* _ASSIGNED TASK_: Restate, word for word, each entry that follows, but skip its pictures.

* _DATA FOR ANALYSIS_:
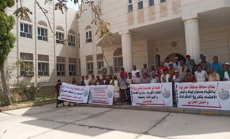 تلبية لدعوة قيادة الهبة الحضرمية بقيادة الشيخ الجابري .. الوقفة الاحتجاجية لأبناء مديرية الديس الشرقية من أمام مبنى الإدارة المحلية بالمديرية
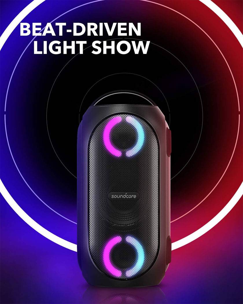Soundcore Rave Mini یک اسپیکر بلوتوث قابل حمل با دسته عمودی داخلی، نمایش نور LED چشمگیر ، پورت شارژ USB، و درجه صدای بالا است. Rave Mini آنقدرها هم کوچک نیست، اما اندازه ای دارد که هرکسی می تواند به راحتی آن را حمل کند.
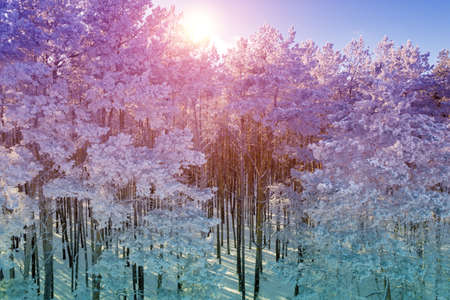 Frozen trees in winter forest at sunset. Beautiful winter landscape.
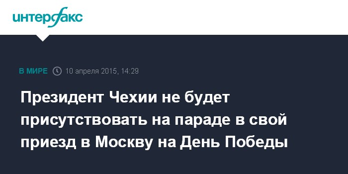 Москва. 10 апреля. INTERFAX.RU - Президент Чехии Милош Земан решил не отказываться от визита в Россию на празднование 70-й годовщины Победы, однако он не будет присутствовать на параде 9 мая, сообщает в пятницу агентство Associated Press.
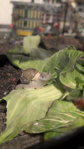 Jaaa, das ist Beamy, eine Weinbergschnecke, die wegen einem arg beschädigten Haus bei mir überwintert hat. Nächsten Monat zieht sie zu sternchen in ihr Aussengehege 8D
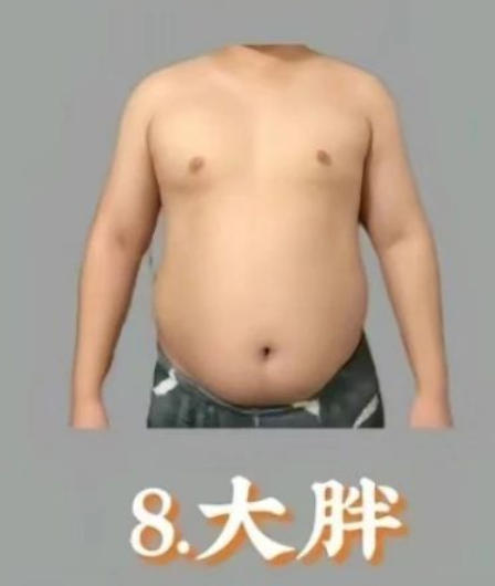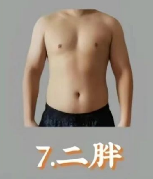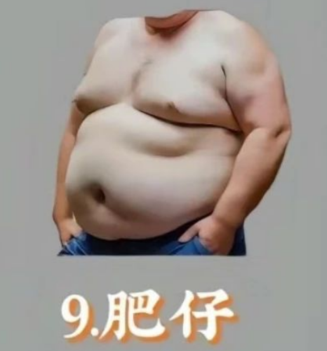 “肥仔”无疑是一种极典型的体型,常常被归为“放纵”的象征。上身赘肉明显,整体给人一种保险的感觉。生活中往往容易吃喝玩乐,对于日常锻炼完全没有兴趣。肥仔们往往对自己的体型充满自嘲。建议肥仔们开始定一个实际目标,逐步开始健身,搭配清淡饮食,慢慢就能让体型有显著转变,成为朋友们眼中的“健身狗”,但是这难度就很大了,需要极强毅力。
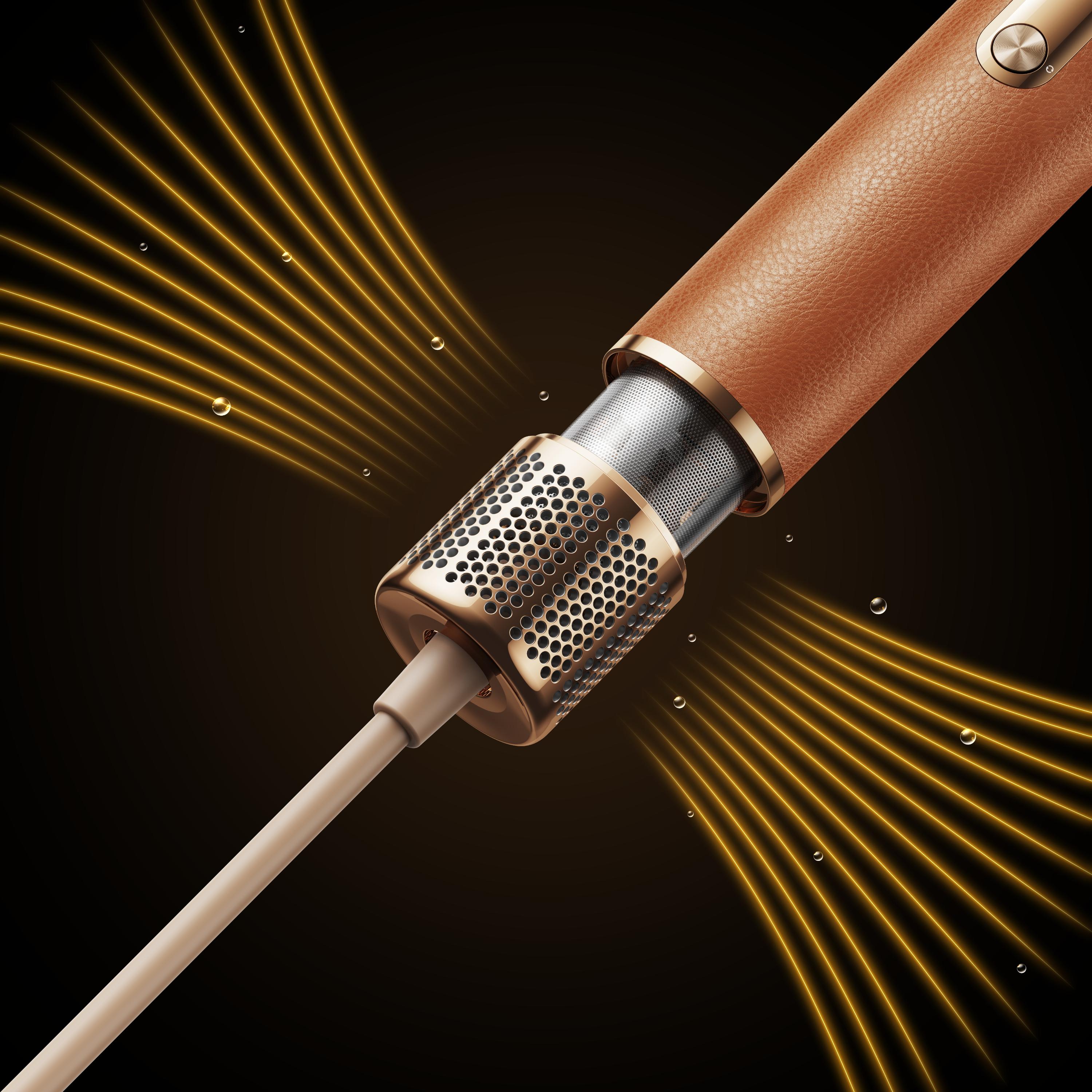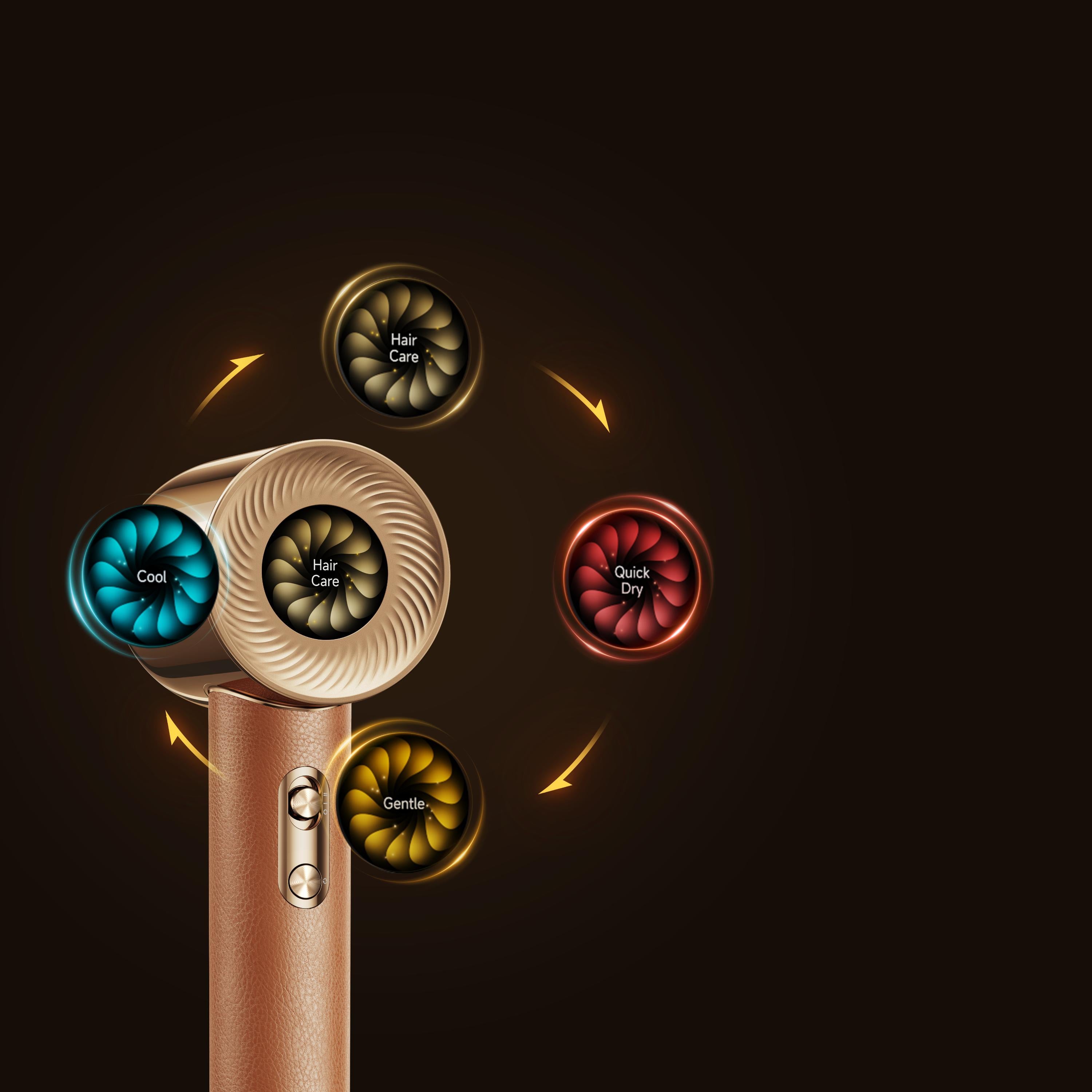 Su unikalios konstrukcijos 130 000 sūkių per minutę* varikliu, sukuriančiu didelį 70 m/s oro srautą, prietaisas efektyviai šalina drėgmę ir užtikrina 55 m/h oro srautą. Dėl to, plaukai greitai išdžiovinami dėl didelio oro srauto greičio ir kiekio.
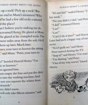 In these four stories the Queen is coming to visit Horrid Henry’s school, he tries to hypnotise Moody Margaret, he tricks Perfect Peter into doing his household chores and Horrid Henry has a bath.
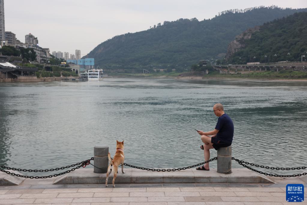 一位市民在四川省宜賓市三江口江邊休息(6月28日攝)。
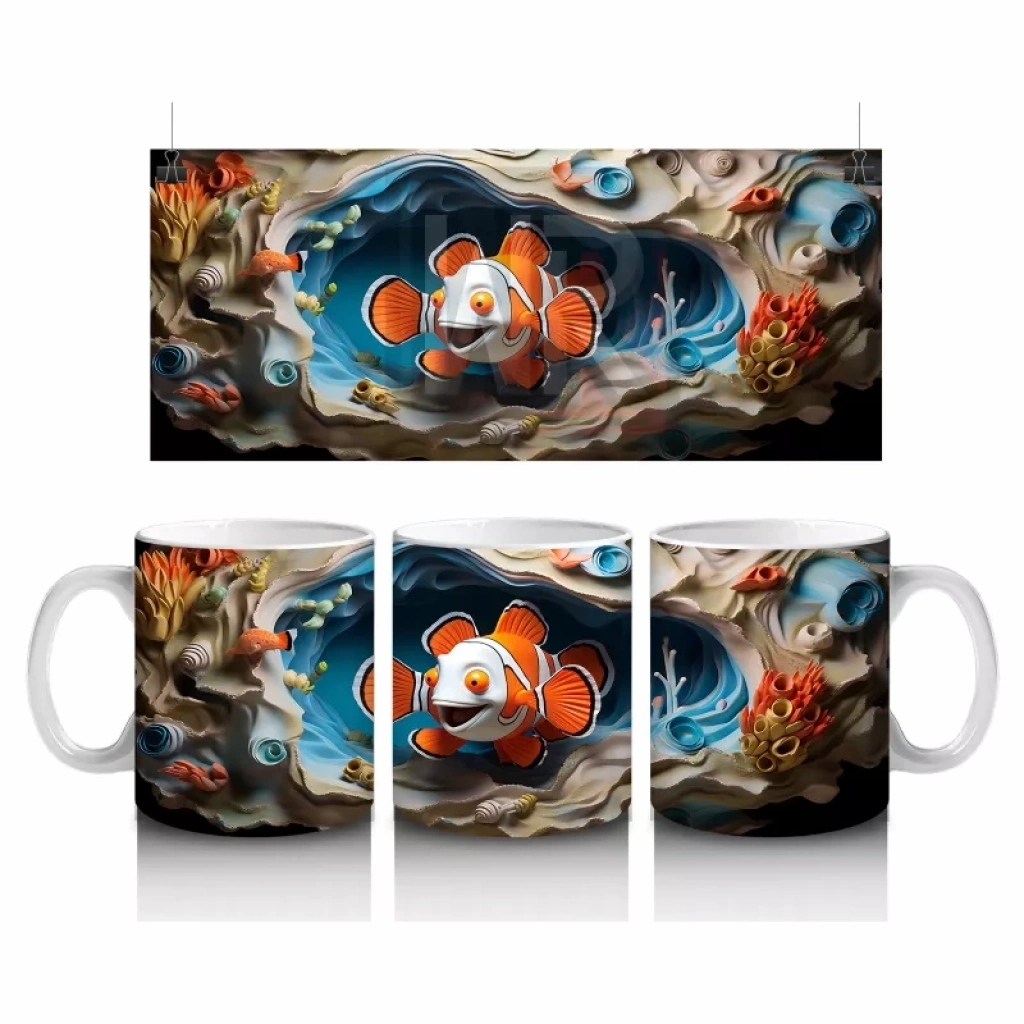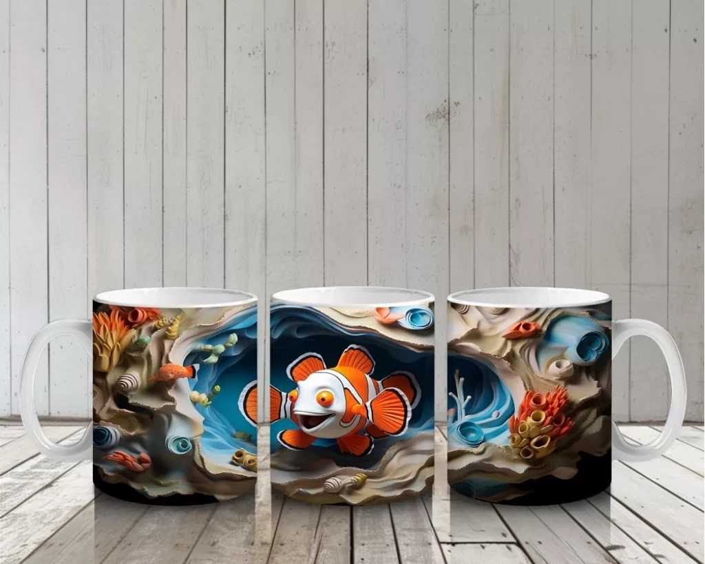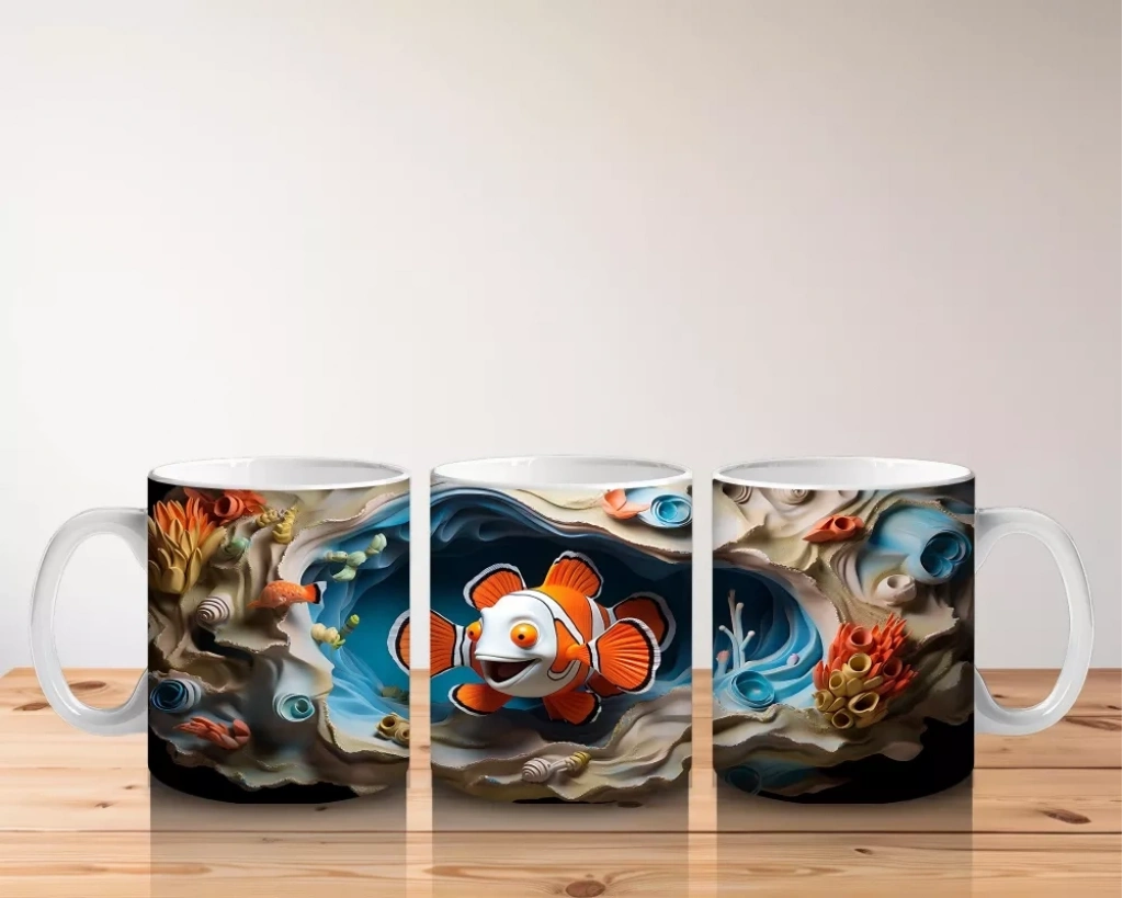 Canlı renkleriyle mercan resiflerinde süzülen palyaço balığı, bu kupa tasarımını enerjik ve eğlenceli hale getiriyor. Deniz altı dünyasının güzelliğini masanıza taşımak için ideal bir parça.

* _OUTPUT FOR THIS TASK_:
 تلبية لدعوة قيادة الهبة الحضرمية بقيادة الشيخ الجابري .. الوقفة الاحتجاجية لأبناء مديرية الديس الشرقية من أمام مبنى الإدارة المحلية بالمديرية
Soundcore Rave Mini یک اسپیکر بلوتوث قابل حمل با دسته عمودی داخلی، نمایش نور LED چشمگیر ، پورت شارژ USB، و درجه صدای بالا است. Rave Mini آنقدرها هم کوچک نیست، اما اندازه ای دارد که هرکسی می تواند به راحتی آن را حمل کند.
 Frozen trees in winter forest at sunset. Beautiful winter landscape.
 Москва. 10 апреля. INTERFAX.RU - Президент Чехии Милош Земан решил не отказываться от визита в Россию на празднование 70-й годовщины Победы, однако он не будет присутствовать на параде 9 мая, сообщает в пятницу агентство Associated Press.
 Jaaa, das ist Beamy, eine Weinbergschnecke, die wegen einem arg beschädigten Haus bei mir überwintert hat. Nächsten Monat zieht sie zu sternchen in ihr Aussengehege 8D
 “肥仔”无疑是一种极典型的体型,常常被归为“放纵”的象征。上身赘肉明显,整体给人一种保险的感觉。生活中往往容易吃喝玩乐,对于日常锻炼完全没有兴趣。肥仔们往往对自己的体型充满自嘲。建议肥仔们开始定一个实际目标,逐步开始健身,搭配清淡饮食,慢慢就能让体型有显著转变,成为朋友们眼中的“健身狗”,但是这难度就很大了,需要极强毅力。
 Su unikalios konstrukcijos 130 000 sūkių per minutę* varikliu, sukuriančiu didelį 70 m/s oro srautą, prietaisas efektyviai šalina drėgmę ir užtikrina 55 m/h oro srautą. Dėl to, plaukai greitai išdžiovinami dėl didelio oro srauto greičio ir kiekio.
 In these four stories the Queen is coming to visit Horrid Henry’s school, he tries to hypnotise Moody Margaret, he tricks Perfect Peter into doing his household chores and Horrid Henry has a bath.
 一位市民在四川省宜賓市三江口江邊休息(6月28日攝)。
 Canlı renkleriyle mercan resiflerinde süzülen palyaço balığı, bu kupa tasarımını enerjik ve eğlenceli hale getiriyor. Deniz altı dünyasının güzelliğini masanıza taşımak için ideal bir parça.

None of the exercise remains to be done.